Вариант Юг - Василий Сахаров 11 стр.


Начиналась эта история четыре дня назад, когда Севастопольский РВК, захвативший власть в большинстве населенных пунктов Крыма, объявил о единовременной контрибуции, которая налагалась на богачей Симферополя, Ялты, Евпатории и Феодосии. Деньги в революционную кассу местные "живоглоты-капиталисты" должны были внести в течение сорока восьми часов. И город Ялта, как наиболее богатый, был обязан выплатить двадцать миллионов рублей. Все правильно, так и должно быть - одобрили решение ревкома братишки, ибо верно сказал товарищ Ленин: "Чтобы уничтожить власть капитала, пролетариат не может обойтись без контрибуции. Это правильная мера переходного времени".

Андрей Ловчин, прибившиеся к нему лихие матросы с самых разных кораблей и верный своему вожаку Илья Петренко, к этому времени чувствовали себя в Ялте как дома. Они по именам и фамилиям знали всех местных богатеев, хорошо изучили город, часто навещали лучшие кабаки и несколько раз отдельно от братвы навещали так понравившихся им дамочек-близняшек на окраине города. Живи и радуйся. Все радости жизни для тебя и ты хозяин города. Поэтому, когда "Гаджибей" покинул Ялту и направился в Одессу, на помощь морякам Черноморского флота, не признавшим власть Центральной Рады, они остались с Андрющенко, которому помогали во всех его делах. Сбор контрибуции их тоже коснулся. Однако не все пошло гладко. Один из ялтинских богачей, судовладелец Антон Моисеевич Костиков, в назначенный срок деньги не сдал. А когда моряки вломились в его дом, выяснилось, что незадолго до их появления, взяв несколько чемоданов с драгоценностями, вместе с несколькими вооруженными ялтинскими красногвардейцами, он скрылся из города. Андрющенко по этому поводу рвал и метал, круто разобрался с начальниками патрулей и командирами красногвардейцев, а когда успокоился, обратился за помощью к Ловчину.

- Выручай, братуха, - временный комендант Ялты сходу взял быка за рога. - Надо догнать этого сраного буржуя Костикова. Своих матросов послать не могу, все в городе заняты или на Одессу ушли. А у тебя морячки вольные и могут идти куда угодно.

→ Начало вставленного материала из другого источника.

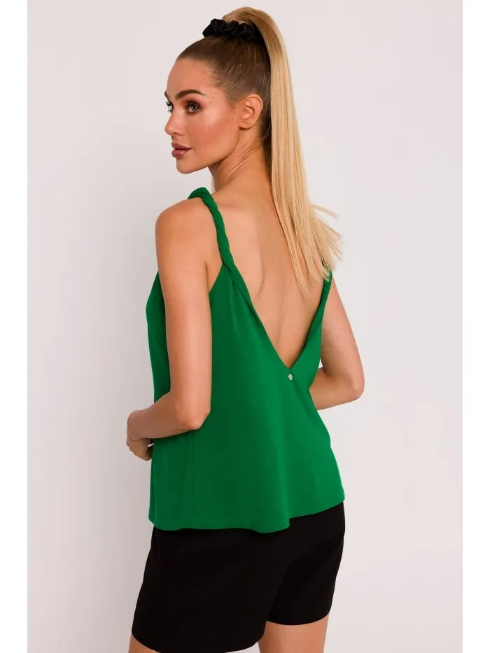 Bluzka z dekoltem na plecach - zielona - Rozmiar: M
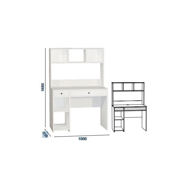 Maksimalna obremenitev predalov je 3 kg. Miza je na voljo v nevtralni beli barvi, ki se odlično kombinira z vsemi drugimi barvami in zato odlično izgleda v vsaki sobi.
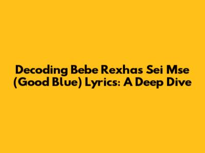Hey music lovers! Ever found yourself completely captivated by a song? That's precisely how many of us feel about Bebe Rexha's track, "Sei Mse (Good Blue)". It’s a banger, right? The infectious beats and Bebe's incredible vocals make it an instant earworm. But beyond the catchy melody lies a deeper meaning, a story waiting to be uncovered within the lyrics. In this article, we're going to dive headfirst into the "Sei Mse (Good Blue)" lyrics, breaking down the words, exploring their potential meanings, and uncovering the emotional core of this awesome song. Get ready to have your understanding of this track completely transformed! We're not just listening; we're analyzing. We’re going to explore the different interpretations that can be pulled from the lyrics, considering everything from the song's context to its potential influences. Let’s get started, shall we?
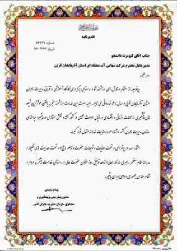 به گزارش روابط عمومی شرکت آب منطقه ای آذربایجان غربی، دراین لوح تقدیر آمده است: بدینوسیله از اهتمام و تلاشهای ارزشمند شما در راستای برگزاری کارگاه آموزشی و تمرینی مدیریت بحران استان آذربایجان غربی در سال 96 قدردانی می نمایم. امید است این خدمات ارزشمند منجر به یافتن موثرترین شیوه های پیشگیری از تلفات انسانی و اقتصادی در قبال حوادث طبیعی در کشور گشته و نقش ممتازی در پیشبرد سیاستهای سازمان مدیریت بحران کشور داشته و مورد رضایت خداوند متعال قرار گیرد.
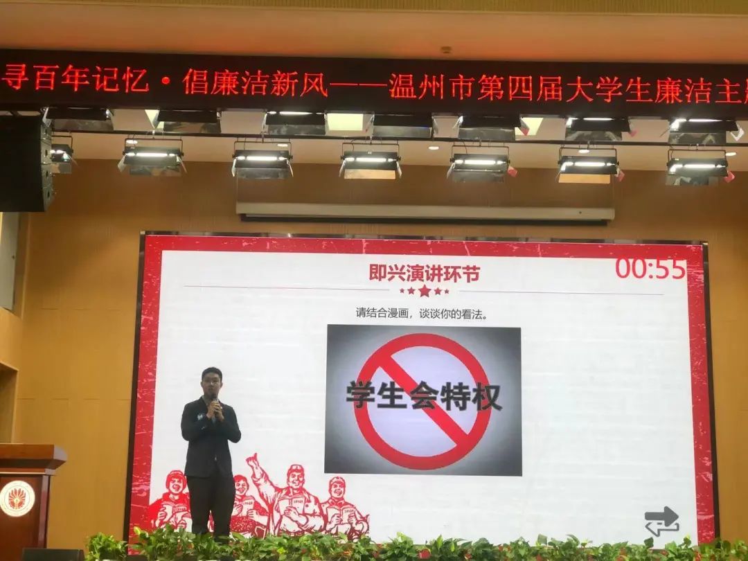 本次演讲比赛由市纪委机关、市教育局、团市委联合举办,浙江工贸职业技术学院负责承办,各高校团委负责校内各项赛事。大赛围绕着“寻百年记忆,倡廉洁新风”的主题,分为主题演讲和即兴演讲两个环节进行。主题演讲围绕大赛主题发表演讲;即兴演讲题目由现场抽签决定,参赛选手围绕党史学习教育、社会热点、大学生活中的廉洁文化等话题发表演讲。
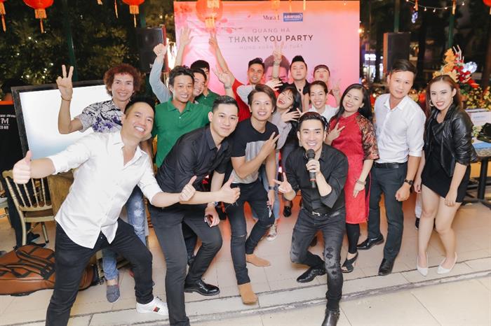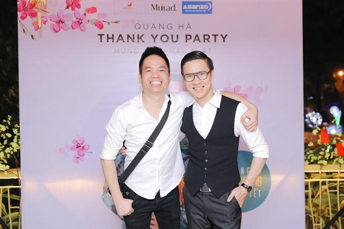 Trong buổi tiệc thân mật này, nhiều đối tác, đồng nghiệp và bạn bè đã đến chung vui với chàng ca sĩ gốc Bắc sau một năm thành công vang dội. Số lượng quà “khủng” dành tặng cho các khách mời trong buổi tiệc trị giá hơn 500 triệu đồng từ nhà tài trợ Asanzo, trong đó có những chiếc điện thoại do Quang Hà làm gương mặt đại diện và mỹ phẩm Murad.
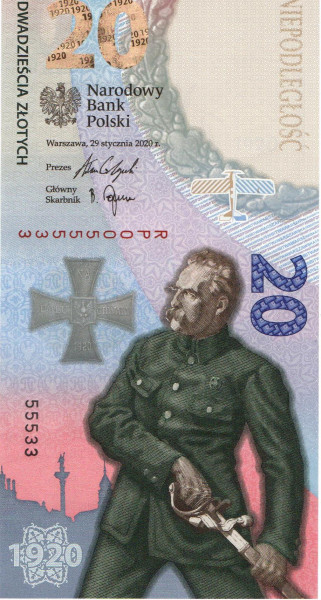 Pierwszy w historii Polski banknot kolekcjonerski w układzie pionowym wyemitowany dla upamiętnienia 100. rocznicy Bitwy Warszawskiej.
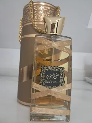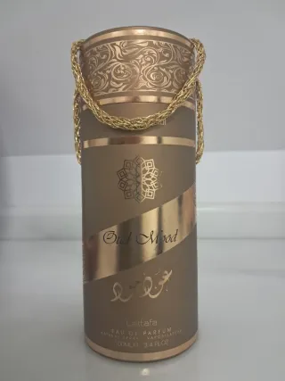 Este es un perfume Oud Mood de Lattafa. - Presentación en frasco cilíndrico. - Diseño con detalles dorados y motivos ornamentales. - Incluye una cadena dorada decorativa. - Contenido: 100ml / 3.4 FL.OZ.
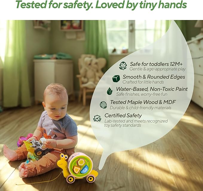 - SAFE & CERTIFIED – CPC certified and crafted from smooth natural wood, painted with non-toxic, water-based paints. Designed for ages 12M+. Snaily’s Journey was made with little explorers in mind—from her gentle wheels to her happy drum that spins as she rolls. Even her pull string follows U.S. child-safety guidelines (~12 inches), just the right length to keep toddlers safe while letting their imagination roam free. Because even magic needs gentle limits.
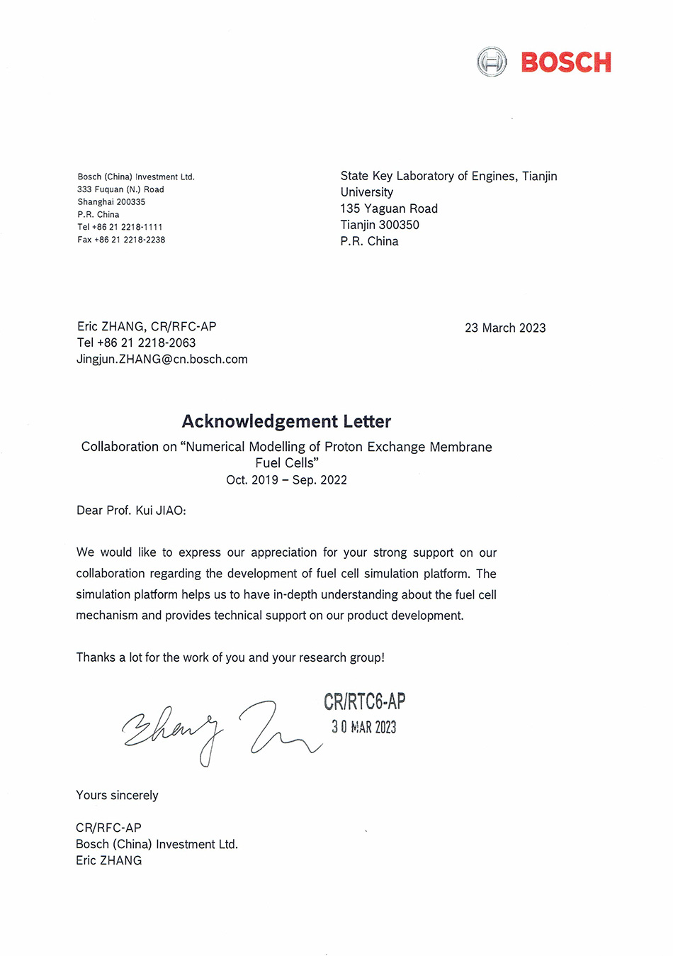 Prof. Jiao’s research facilitated Bosch’s fuel cell product development
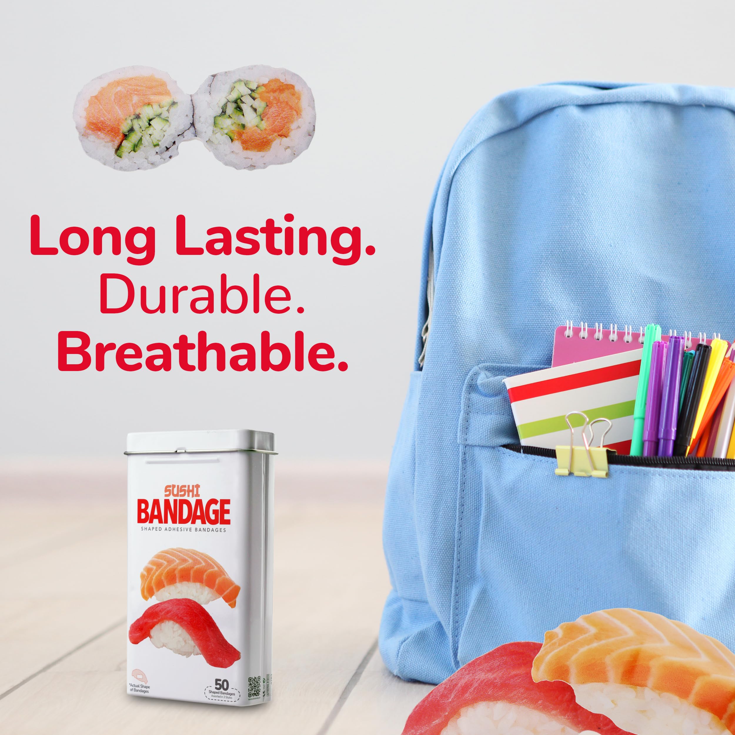 50 SUSHI KIDS BANDAGES: Fun sushi-shaped adhesive bandages tin helps protect cuts, scrapes, and minor wounds while making healing less stressful for children; bandages come in 3 assorted styles
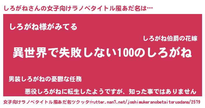 | 胡散臭い通販商品みたいなあだ名 | 『絶対に幸福をもたらす招き猫…その名も「しろがね」』 |
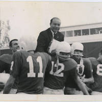 A group of Pacific University footballers carrying an unidentified man on their shoulders.

Почесав покалеченную руку, Ловчин, которому не хотелось гнаться за каким-то там судовладельцем, подумал и сказал:

- Вот и зачем нам этот Костиков? Деньги с других буржуев соберешь, до двадцати миллионов немного нужно.

- Это дело принципа. Сегодня один буржуй красногвардейцев подкупил и из города свалил, а завтра другие начнут думать, что такое возможно. Поэтому надо достать этого гада и предателей, чтобы другим неповадно было. - Андрющенко помялся и добавил: - Все, что у Костикова возьмете, ваше.

- Довод серьезный, - оскалился Ловчин, а затем принял роковое для себя и его братишек решение: - Согласен. Только проводник хороший нужен.

- Есть такой человек, паренек один, из наших. Еще до революции подпольщикам помогал, все тропинки вокруг Ялты как свои пять пальцев знает и следопыт хороший. Так что дело плевое. Костиков, наверняка, к перевалу двинулся, а хороших тропинок там немного. Тем более место, где буржуй в лес вошел, уже нашли.

- Ладно.

Матросы ударили по рукам. И через полтора часа, собрав почти своих людей и, взяв проводника, чернявого семнадцатилетнего юношу из местных жителей, который представился, как Анастас Георгидис, Ловчин начал погоню.

Георгидис встал на след беглецов сразу. Севастопольские матросы двигались ходко, с полудня до темноты успели преодолеть около пятнадцати километров и заночевали в лесу. На следующий день преследование продолжилось, моряки перевалили хребет, и надеялись быстро догнать Костикова. Но сделать этого не получилось. След буржуя и предателей петлял, приходилось идти по нему, и отряд снова вышел на хребет.

Братишки вновь остановились на ночевку. Вокруг было тихо. Они поужинали, погрелись у костров и послушали байки друг друга. Выставили караул и, закутавшись в толстые брезентовые полотнища, заснули. А под утро расщелину, в которой отдыхали революционные моряки, окружили недобитые золотопогонники. И на не ожидавших нападения черноморцев сверху посыпались ручные гранаты, а тех, кто пытался выбраться из ловушки по тропам, встречали пулеметные очереди и меткие пули винтовок.

Андрею повезло. Вечером он съел кусок несвежей подкопченной рыбы, и проснулся до рассвета. У него скрутило живот. Поэтому он покинул место ночлега и отошел метров на пятьдесят в сторону. И когда его братишек начали убивать, гонимый животным страхом, который он сам любил нагонять на "драконов", контриков и членов их семей, Ловчин ползком, словно змея, извиваясь между покрытых мхом древних камней, покинул поле боя и бросился бежать…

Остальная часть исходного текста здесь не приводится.